**What is needed**
Strip the pictures, then copy the remaining data exactly as it stands.

**Data below**
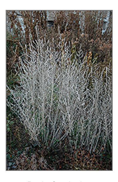
Russian Sage in winter

This plant should only be grown in full sunlight. It prefers dry to average moisture levels with very well-drained soil, and will often die in standing water. It is considered to be drought-tolerant, and thus makes an ideal choice for a low-water garden or xeriscape application. It is not particular as to soil type, but has a definite preference for alkaline soils. It is highly tolerant of urban pollution and will even thrive in inner city environments. This species is not originally from North America.
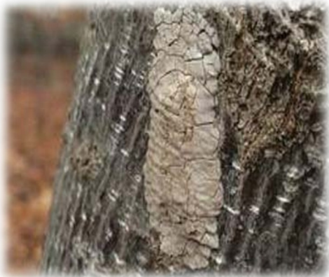
SLF Egg Masses (Sept. to April)

For more information, google NJ Department of Agriculture, Spotted Lanternfly and Penn State Extension, Spotted Lanternfly Management for Residents .

**Completed task**
Russian Sage in winter

This plant should only be grown in full sunlight. It prefers dry to average moisture levels with very well-drained soil, and will often die in standing water. It is considered to be drought-tolerant, and thus makes an ideal choice for a low-water garden or xeriscape application. It is not particular as to soil type, but has a definite preference for alkaline soils. It is highly tolerant of urban pollution and will even thrive in inner city environments. This species is not originally from North America.
SLF Egg Masses (Sept. to April)

For more information, google NJ Department of Agriculture, Spotted Lanternfly and Penn State Extension, Spotted Lanternfly Management for Residents .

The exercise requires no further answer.